Periskop.id - Presiden Prabowo Subianto menandatangani Keputusan Presiden yang mengubah susunan sejumlah pejabat di lingkungan Kejaksaan Agung. Perombakan ini muncul tak lama setelah eks Jaksa Agung Muda Tindak Pidana Khusus (Jampidsus) Febrie Ardiansyah ditetapkan sebagai tersangka korupsi.

Menteri Sekretaris Negara Prasetyo Hadi mengonfirmasi penandatanganan Keppres tersebut dilakukan Prabowo pada Selasa (21/7). Ia menjelaskan, keputusan itu mengacu pada hasil Tim Penilai Akhir (TPA) sesuai usulan Jaksa Agung, yang kemudian ditindaklanjuti secara administratif oleh Istana.

"Dapat kami infokan bahwa kemarin presiden telah tandatangani Keppres sesuai dengan hasil TPA, sebagaimana mengacu ke surat usulan dari Jaksa Agung yang kemudian hari ini kami tindaklanjuti secara administratif," kata Prasetyo di Istana Kepresidenan Jakarta, Rabu (22/7).

Dalam Keppres tersebut, Asep Nana Mulyana ditunjuk sebagai Wakil Jaksa Agung. Kuntadi kemudian mengisi posisi Jampidsus, sementara Leonard Eben Ezer Simanjuntak dipercaya menjabat Jaksa Agung Muda Tindak Pidana Umum (Jampidum).

Dua posisi lain juga berganti. Harli Siregar ditunjuk sebagai Kepala Badan Pendidikan dan Pelatihan Kejaksaan Agung, sedangkan Patris Yusrian Jaya menempati kursi Kepala Badan Pemulihan Aset Kejaksaan Agung.

Pergantian jajaran pimpinan ini terjadi usai Febrie Ardiansyah, yang sebelumnya menjabat Jampidsus, ditetapkan sebagai tersangka dalam kasus dugaan korupsi. Kepala Pusat Penerangan Hukum Kejagung Anang Supriatna menyebutkan status tersangka Febrie berkaitan dengan perkara korupsi dan pencucian uang di kasus Asabri.

Anang memaparkan, Febrie sudah tiba di Gedung Bundar dan tengah menjalani pemeriksaan oleh penyidik.

"Penyidik Kejagung telah memanggil saudara FA untuk diperiksa sebagai tersangka," ujar Anang.

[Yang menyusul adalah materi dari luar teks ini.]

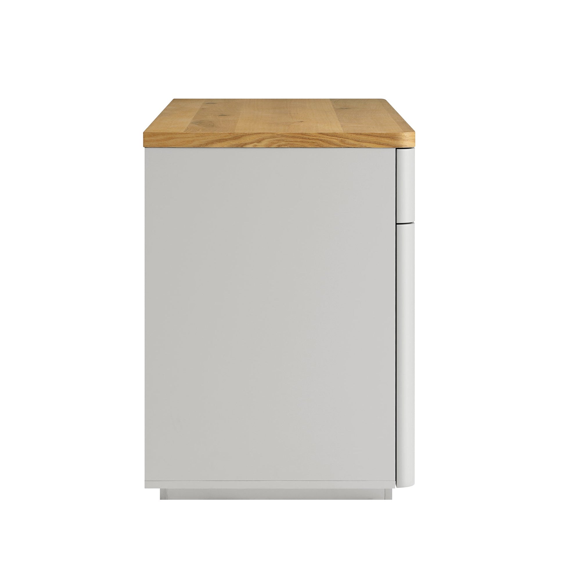 Ce bureau est fini dans un ton gris colombe avec un plateau en chêne naturel pour un style polyvalent et discret.

Untuk menindaklanjuti pengalihan perkara dari Kepolisian, Kejagung menerbitkan tiga surat perintah penyidikan (Sprindik) baru. Ketiganya menyangkut dugaan korupsi dan pencucian uang pada kasus PT Krakatau Steel, pengadaan batu bara PLTU untuk PLN yang berujung pemadaman listrik massal, serta perkara Asabri.

Selain Febrie, penyidik turut menetapkan pihak swasta bernama Don Ritto sebagai tersangka. Ia diduga melakukan pencucian uang yang bersumber dari tindak pidana korupsi, sedangkan Febrie diduga terlibat dalam penanganan hukum terhadap oknum penyelenggara negara di perkara Asabri dan kasus korupsi lainnya.

Kejagung juga membentuk tim khusus beranggotakan sembilan jaksa senior yang mayoritas pernah bertugas di Komisi Pemberantasan Korupsi (KPK). Para jaksa ini disebut tidak bersikap resisten terhadap penanganan kasus korupsi yang menjerat Febrie.